Tony Fadell und Matt Rogers waren unter den führenden Köpfen bei der Entwicklung von Apples iPod-Familie, jetzt haben sie sich selbstständig gemacht, um ein Produkt an den Start zu bringen, das ebenfalls ein rundes, intuitives UI hat: Vorhang auf für Nest, das schlaue Thermostat. Richtig gehört: eines dieser bisher unauffälligen Kästen zum Regeln der Heizung oder der Klimaanlage. Das Thermostat von Fadell und Rogers hört auf den kuscheligen Namen Nest und ist einerseits lernfähig, andererseits umfassend programmier- bzw. fernsteuerbar. Letzteres natürlich via iOS-App und eine WiFi-Anbindung (Android-App ist in Arbeit ...), interessanter scheint allerdings die Sensor-Schlitzohrigkeit des Geräts, die etwa die Heizung herunterfährt, wenn länger niemand im Raum ist. Dabei stellt sich natürlich wie bei allen "intelligenten" Haushaltsgeräten die Frage, wie die Gesamtenergiebilanz aussieht, ob das Ding also wirklich ökologisch wertvoll ist, bleibt abzuwarten. In den USA ist das Nest bereits für rund 250 Dollar zu haben.

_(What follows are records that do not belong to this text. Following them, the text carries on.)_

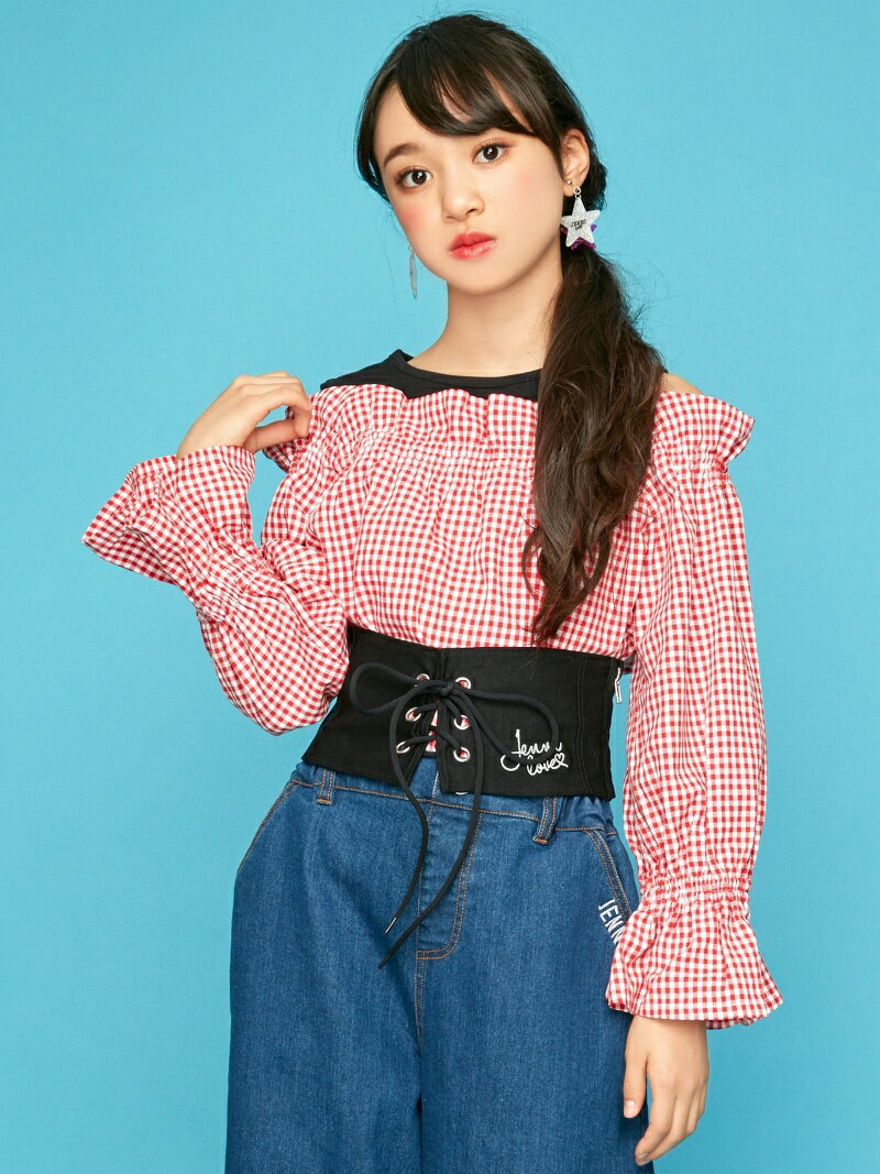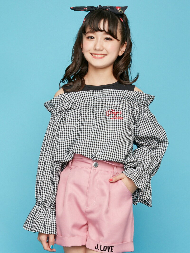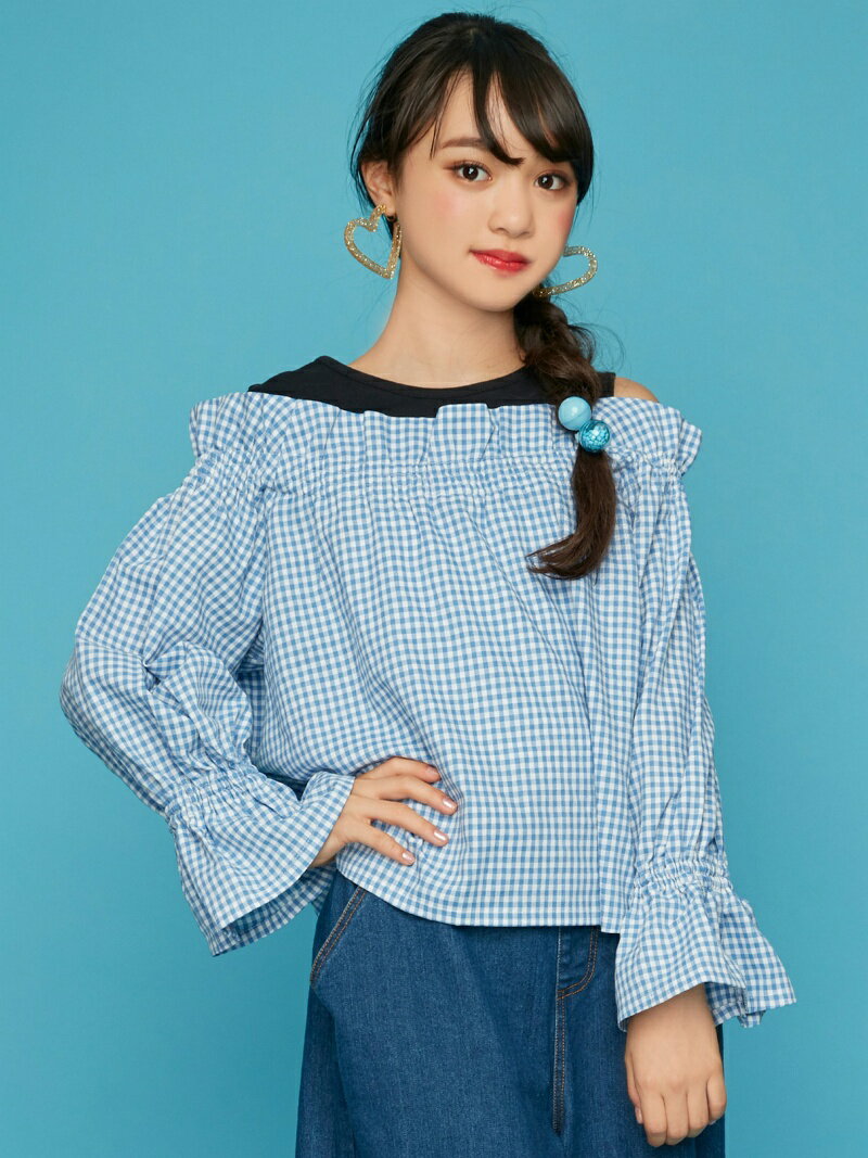 JENNI(ジェニィ)JENNI love/ギンガム2WAYトップスオフショルとトップス2WAYが楽しめる、おとなっぽアイテム登場肩まわりがゴムになっているので、簡単にオフショルコーデが可能に♪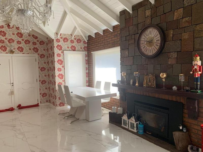 Planta baja: amplio y luminoso living comedor con hogar a leña, cocina completa con comedor diario, toilette de recepción, escritorio, habitación de huéspedes en suite, lavadero independiente, gran quincho cerrado con parrilla, galería semi cubierta, un hermoso parque con piscina con luces led y entrada para varios autos.
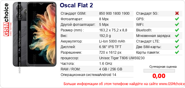 Данные о телефоне Oscal Flat 2 на Вашем сайте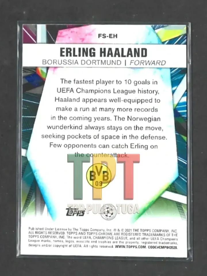 "O jogador mais rápido a atingir 10 golos na história da Liga dos Campeões da UEFA, Haaland parece bem preparado para bater muitos mais recordes nos próximos anos. O prodígio norueguês está sempre em movimento, procurando espaços na defesa. Poucos adversários conseguem apanhar Erling no contra-ataque."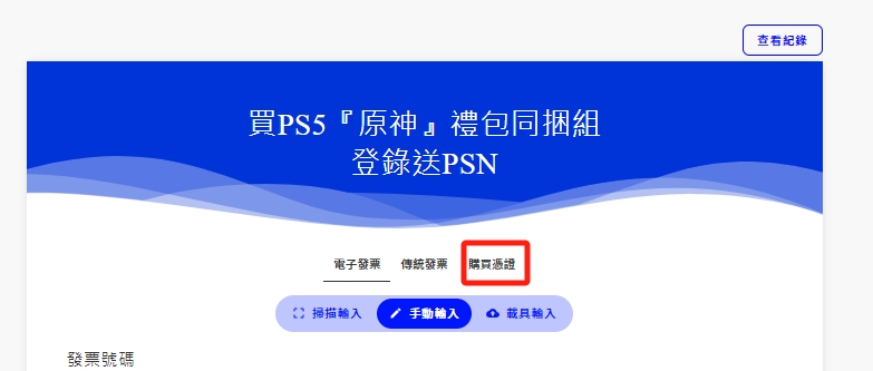 A4 :若有同一張發票需登記2台以上的主機,請選擇【購買憑證】的方式輸入
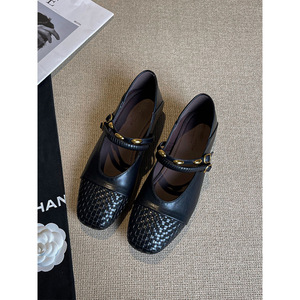 现货羊皮版法式编织玛丽珍鞋女2025新款气质绝美浅口平底黑色单鞋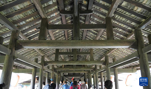 9月25日,游人行走在三江侗族自治县程阳永济桥上。(新华社记者 张枫 摄)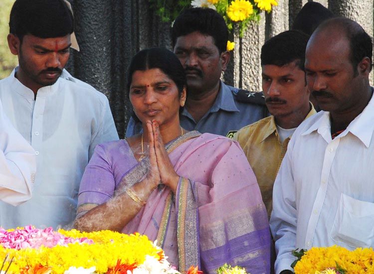 Lakshmi Parvati offers floral tributes to TDP founder-president NT Rama Rao on the occasion of his 15th death anniversary at NTR Ghat in Hyderabad on Tuesday. INN Photos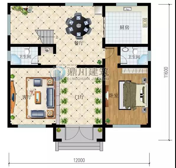 一层设计图:玄关,客厅餐厅和厨房,还有两间卧室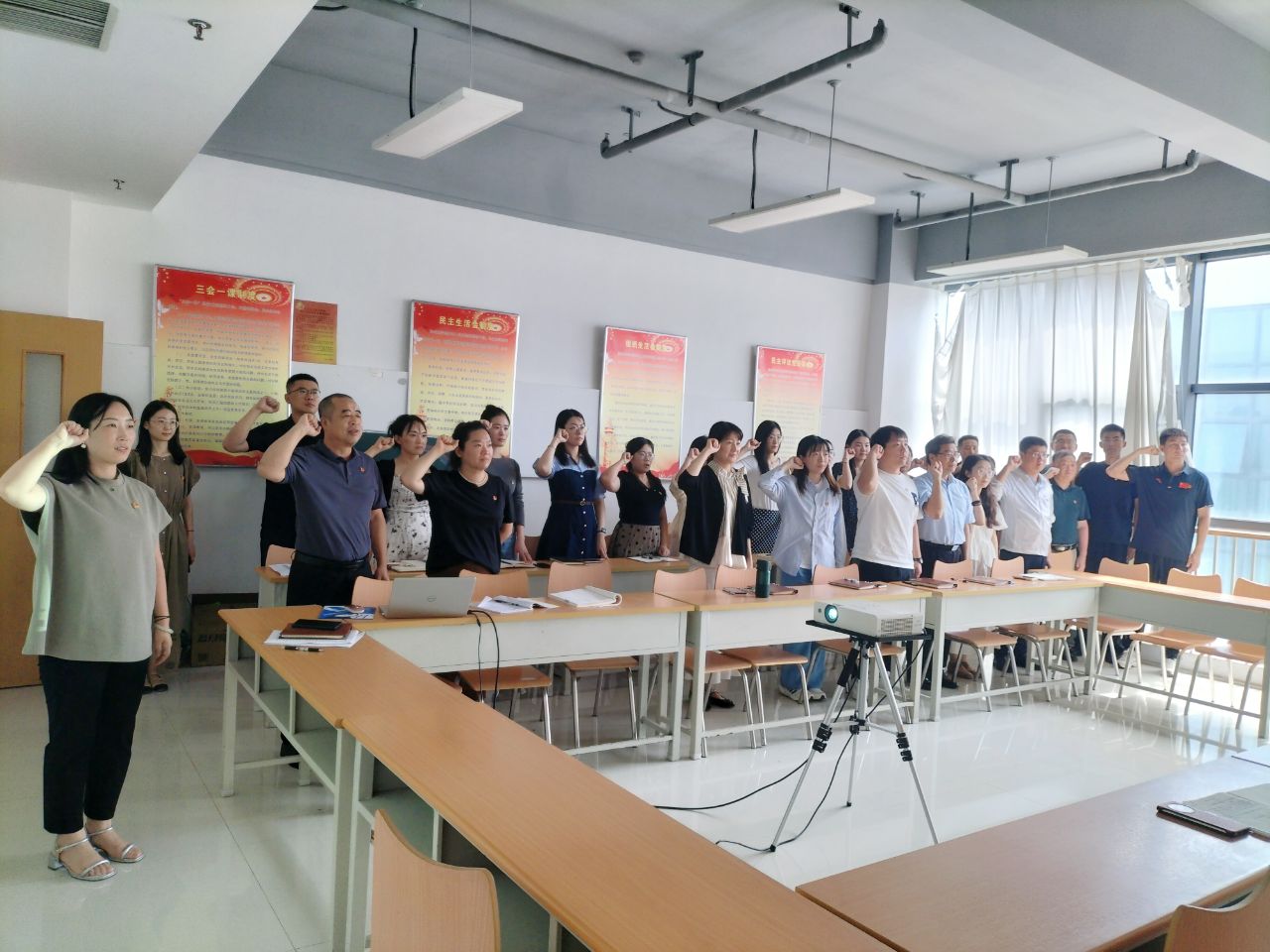 5.重温入党誓词。由张洪伟领誓,全体党员宣誓,重忆入党初心。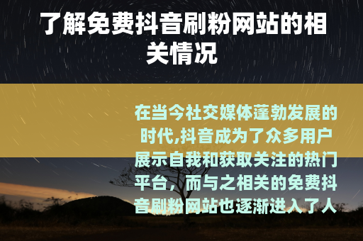 在当今社交媒体蓬勃发展的时代,抖音成为了众多用户展示自我和获取关注的热门平台,而与之相关的免费抖音刷粉网站也逐渐进入了人们的视野。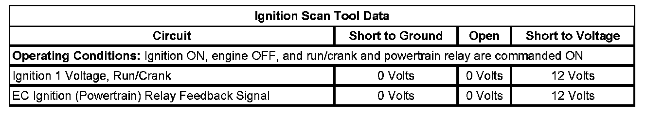 2. Ignition ON, engine OFF, observe both the Ignition 1 Voltage signal and the EC Ignition Relay Feedback signal parameters on the scan tool. Both parameter values should display no more than 3 volts difference between the 2 parameters.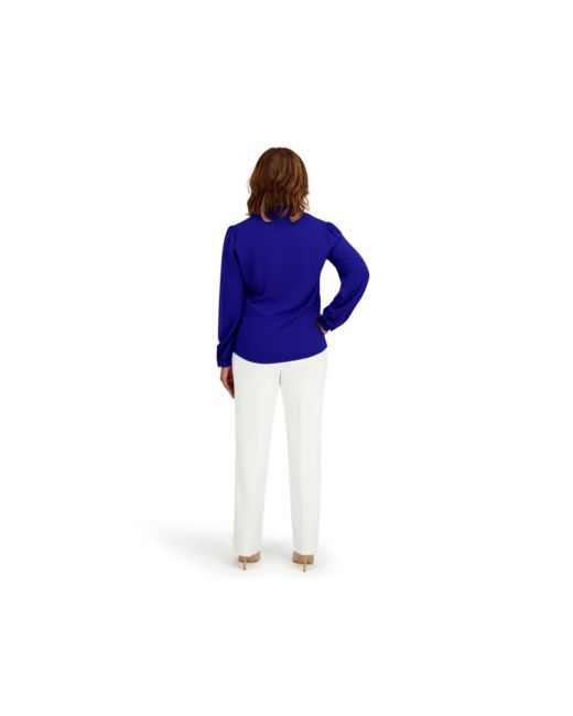 Ruffle sleeve detailing adds feminine flair to this V-neck blouse from Kasper. The long sleeves provide coverage while creating elegant movement with each wear.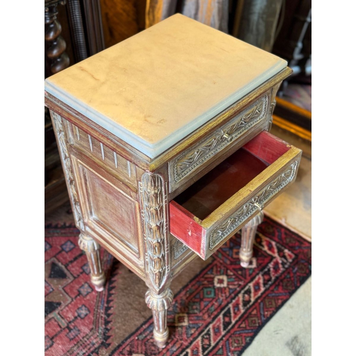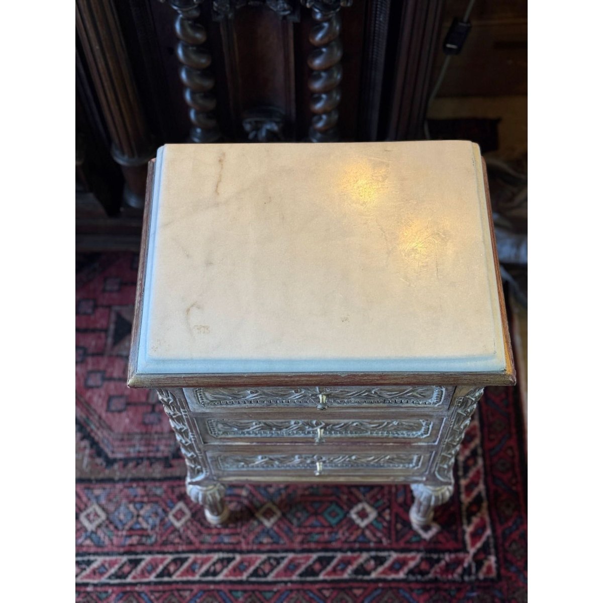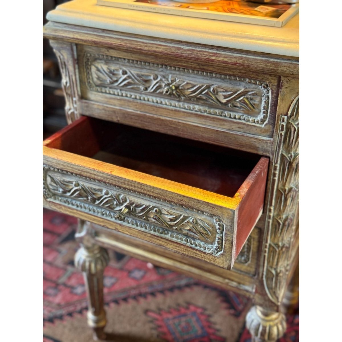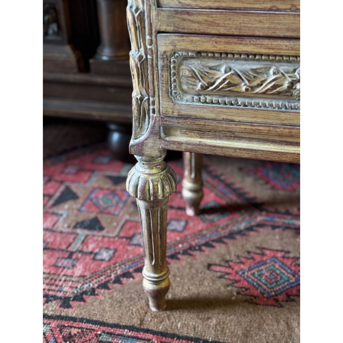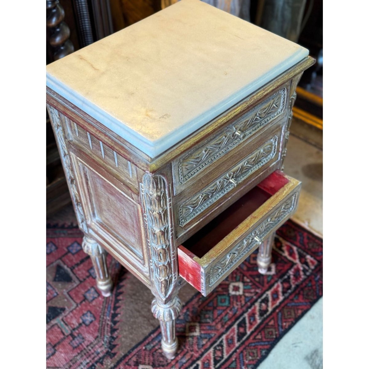 A lovely French Louis XVI style gold leaf three drawer side table with a white marble top. Minor scuff marks consistent with age.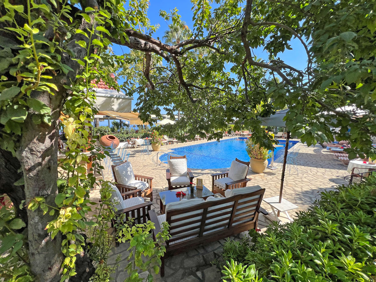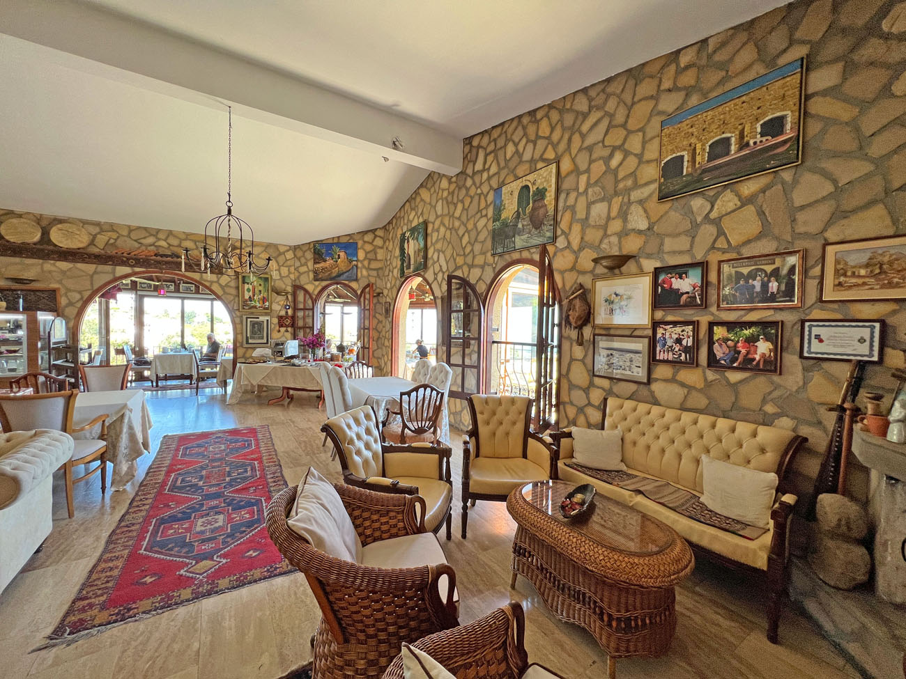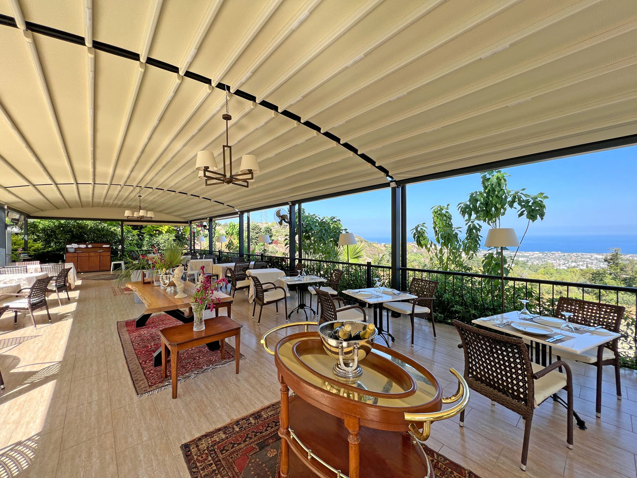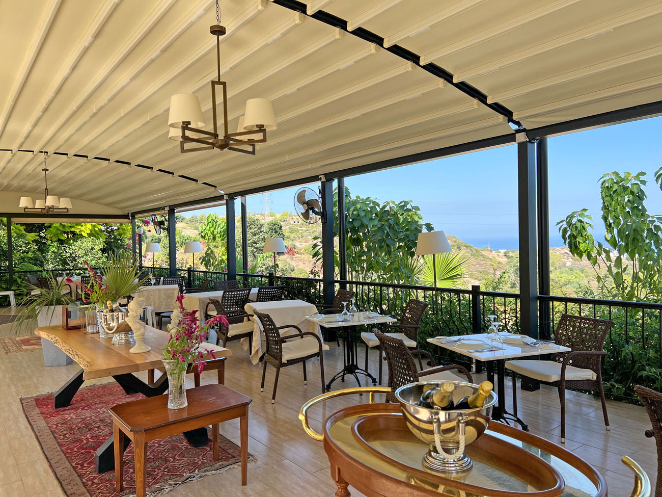 The restaurant and lounge, a treasure trove of local antiques and bric-a-brac, are at the highest point, with beautiful views down over the surrounding countryside to the distant Mediterranean. Breakfast is served as an open buffet and with a choice from the menu, including full English and omelette. Lunch and dinner are served a la carte. The restaurant bar is open throughout the year.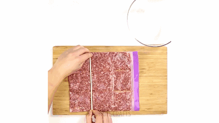 猪肉脯好吃美味,自己在家也可以做哦!准备一个带封条的保鲜袋,一根筷子,把瘦肉切成肉泥,装进保鲜袋里,均匀铺平,用筷子压出想要的大小。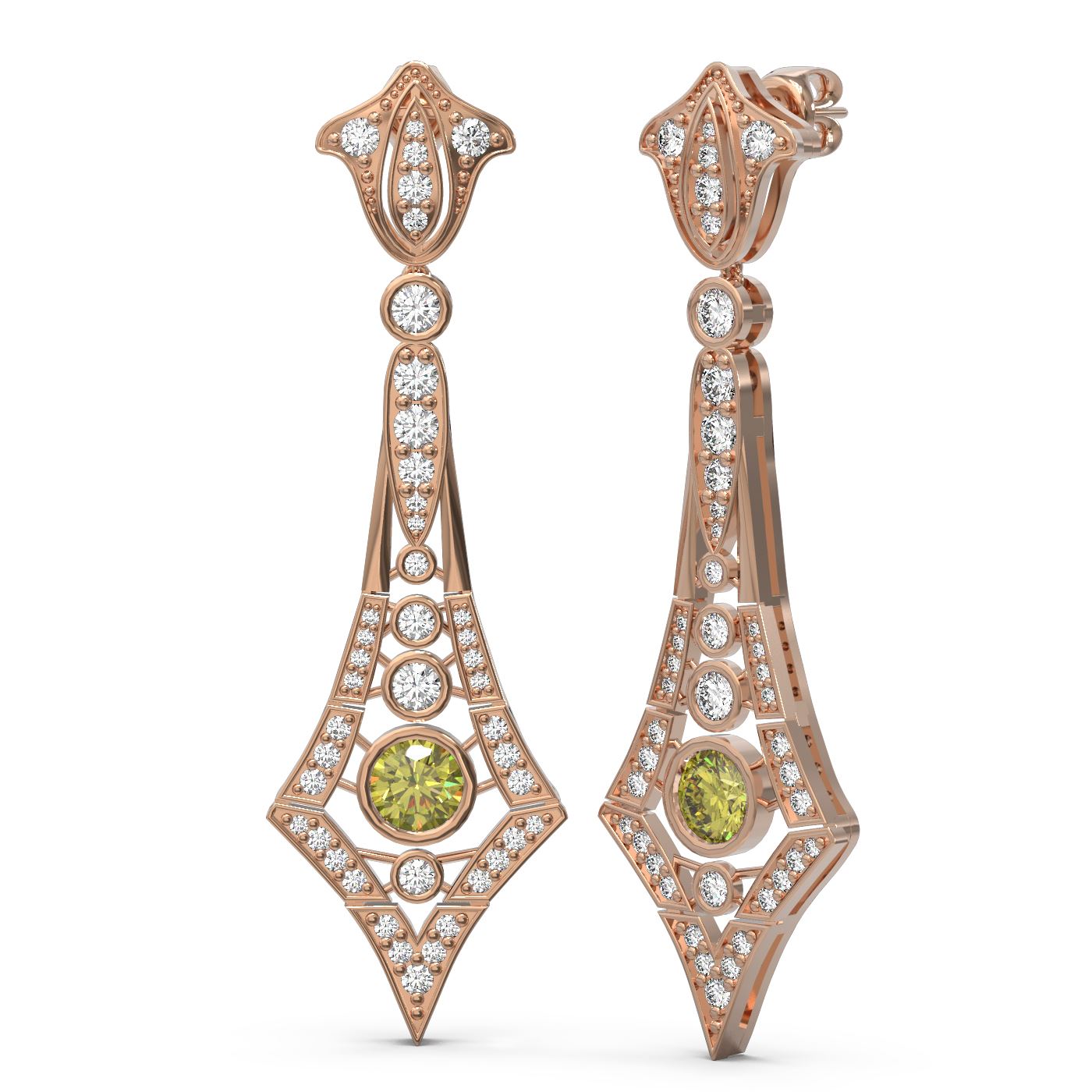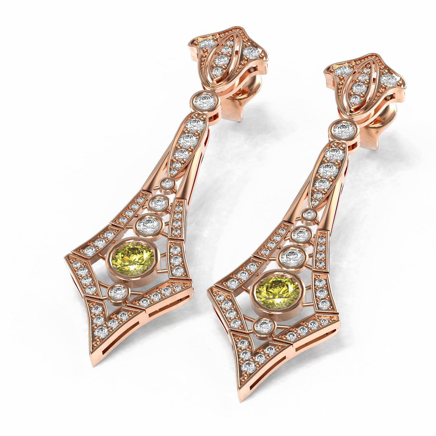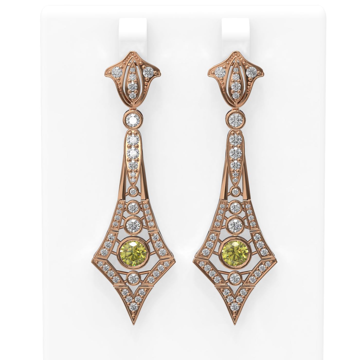 REF-352R9K - SKU: 56226 ---- 3.4 ctw Fancy Yellow Diamond Earrings 18K Rose Gold

Leserkommentare (Seite 1 von 1)
Harry @ Oct 25th 2011
Ist ja toll. Für jeweils 20€ hab ich sowas ähnliches an meine Heizungen gebaut, in wenigen Minuten ohne App programmiert und im ersten Jahr über HK-Rückzahlung mehr als rausbekommen. Ok, wenn man mal Krank zu hause statt im Büro ist muss man die automatische Temperaturabsenkung eben mit einem Handgriff übersteuern... und nicht ganz so "hübsch". Dafür sieht man gar nicht, das an der Heizung ein automatischer Thermostat dran ist.
anoy @ Oct 26th 2011
ist wohl für die USA gedacht, da heizt man bisher anders:
Heizung voll aufdrehen und wenn es zu heiß ist, die Klimanlage zum Runterkühlen nehmen ;-)
Ich denke nicht, dass diese Fachfremden Entwickler sich je mit europäischen Thermostaten (Danfoss, Techem...) auseinandergesetzt haben.
andi @ Oct 31st 2011
@anoy:
Ich sehe das in Europa anderst. Es wird einem die beste Technik verbaut, aber der Heizungstechniker kann sie einem nicht erklären, weil er sie selbst nicht versteht.
Meine Eltern werden z.B. mit Ihrer Wärmepumpensteuerung ziehmlich alleine gelassen. Bei den vielen Einstellmöglichkeiten haben sie schlicht Angst etwas an der Heizung zu verstellen.
Ich finde jedoch an dem Teil richtig gut, dass Wettervorhersagen mit in die Heizungssteuerung einbezogen werden. Ich brauche mein Haus morgens, nach der Nachtabschaltung, nicht auf 21-22°C Hochheizen, wenn mich wie jetzt Aussentemperaturen von 17°C und Sonnenschein erwarten. Große Fensterflächen und die Hohe Umgebungstemperatur am Tag reichen völlig aus um mein Haus auf 23°C Innentemperatur zu bringen.